Bu olaylardan elli yıl sonra da Kopenhag’da toplanan Uluslararası Sosyalist Kadınlar Federasyonu, Alman Sosyal Demokrat Parti önderlerinden Clara Zetkin tarafından, bu özgürlük ve emeklerinin kavgasını veren 129 kadını anmak için, bu katliamın yapıldığı günü ‘’DÜNYA KADINLAR GÜNÜ’‘ olarak anmaya karar vermişlerdir. Ülkemizde bu ‘’Emekçi Kadınlar Günü’’olarak anılır ve de kutlanır.
Geçen aylarda, Kadın Sığınma Evlerine büyük destek veren USTA MAKASLAR’ın bu destek gecesinde, bir şiir dinletisi yaptım. İzmir Kadın Sığınma Evlerinin yayınladığı broşürlerdeki bilgiler tüylerimi diken diken etmeye yetti.
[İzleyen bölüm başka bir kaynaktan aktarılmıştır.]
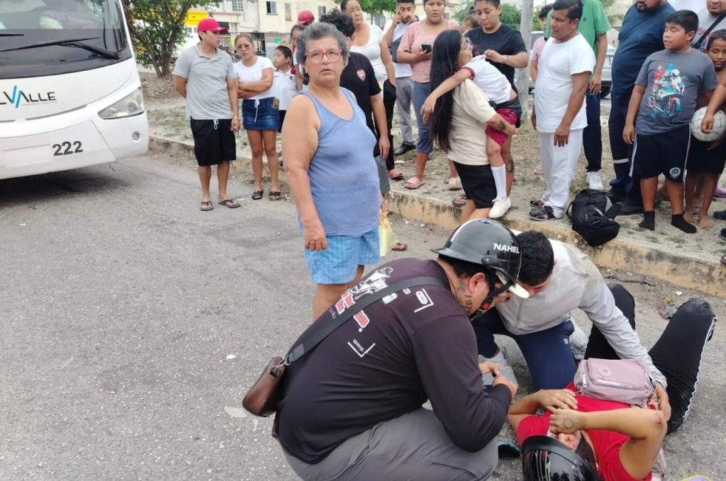 Tras el impacto la mujer cayó al suelo junto con su hijo sufriendo lesiones de consideración que ameritaron la valoración de paramédicos.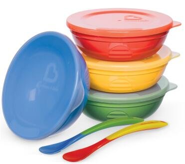 munchkin麦肯奇是美国婴幼儿餐具、玩具用品品牌,产品设计人性化又有趣有创意,受到父母和宝宝们的喜爱。10件套装包括:4个碗、4盖和2软勺。专为婴幼儿设计,选用优质环保材质,安全又健康,为了鼓励长大的宝宝开始熟悉饮水和让柔软的小舌头次感受到食物,从带吸管的杯子到断奶后的汤匙,帮助妈妈和宝宝享受每一步的经验。婴儿辅食碗造型可爱大方,同时方便宝宝舀取食物。防滑设计使餐盘重心稳固,即使敲打边缘也不会翻落。材质为硅胶,适用于4个月以上的婴幼儿。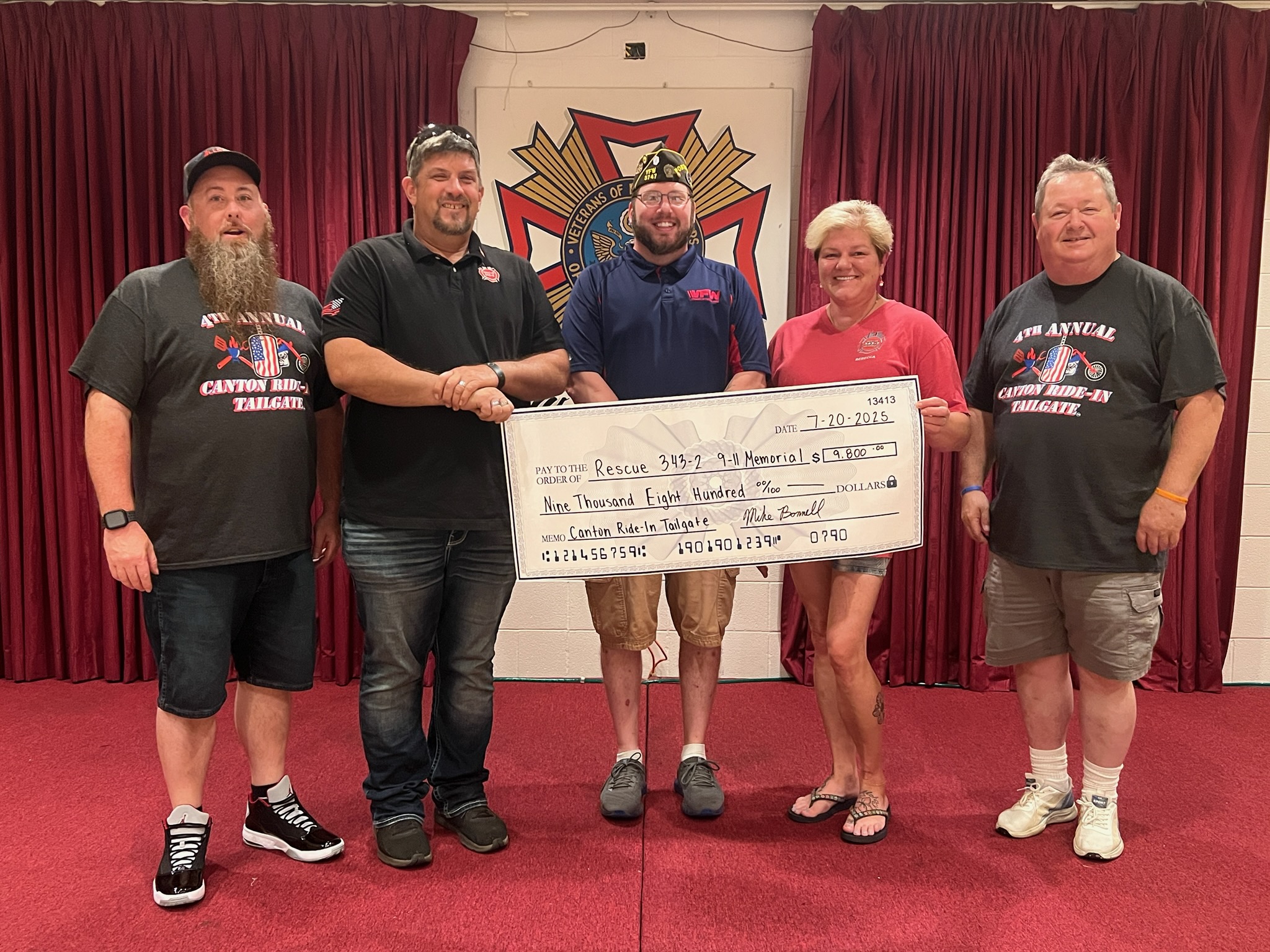 $9,800 was donated to Rescue 343-2 9-11 Memorial. They preserve the memory of the 343 firefighters and all first responder who made the ultimate sacrifice on September 11, 2001. They also support our US Veterans displayed on the Pentagon they have on their mobile memorial display.

Rastladığımız veriler aslında bütün bu ayrımcılığın net göstergesiydi ve bu başlı başına bir zulümdü.
Kadınlara karşı şiddet dünyada en yaygın, ancak en az cezalandırılan suçtur.
-Tahminlere göre 113 ile 200 milyon arasında kadın demografik olarak “kayıp” (yok) görünmektedir.
Ya doğar doğmaz öldürülmüşler (erkek çocuğun kız çocuğa tercih edilmesi) ya da erkek kardeşleri
ve babalarıyla eşit derecede gıda ve tıbbi olanaklara ulaşamamışlardır.
-Fuhuşa zorlanan ya da bunun için satılan kadınların sayısı yılda 700.000 ila 4.000.000 arasındadır.
Cinsel kölelik düzeninden elde edilen kazançlar yılda tahminen on iki milyar dolardır.
-Küresel olarak, on beş ile kırk beş yaş arası kadınlar, kanser, sıtma, trafik kazaları ve savaşlardan daha ziyade, erkek şiddetinin sonucu hayatını kaybetmekte veya sakatlanmaktadır.
-En az üç kadından biri dövülmüş, cinsel ilişkiye zorlanmış ya da hayatı boyunca başka türlü suiistimal edilmiştir (tecavüz, kötü davranış).
Genellikle, suiistimal eden kişi aileden bir üye ya da kadının tanıdığı bir kimsedir.
Ev içi şiddet, bölge, kültür, etnik köken, eğitim, sınıf ve din ne olursa olsun kadınlara karşı en yaygın suiistimal şeklidir.
-Dinsel, kültürel vb. nedenlerle yılda iki milyondan fazla kız çocuğunun genital organlarına hasar verilmektedir. Bu oran, 15 saniyede bir kız çocuğudur.
-Sistematik tecavüz yeryüzündeki birçok çatışmalarda bir terör silahı olarak kullanılmaktadır. Ruanda Soykırımı (1994) esnasında 250.000 ila 500.000 kadının tecavüze uğradığı tahmin edilmektedir.
Bunları okuduktan sonra, bizleri dünyaya getiren anne, abla, eş olan kadınlara, ya da esasında bizden güçsüz olana ettiğimiz zulmü görünce insan olmaktan utandım.
Hayat bize verilen bir armağandır, bu armağanı başkaları için zulüm yapmayalım.
Annemin, ablalarımın, aşkım eşimin ve tüm kadın dostlarımın ‘’DÜNYA KADIN GÜNLERİ’’ni kutlarım. Sizleri, seviyorum.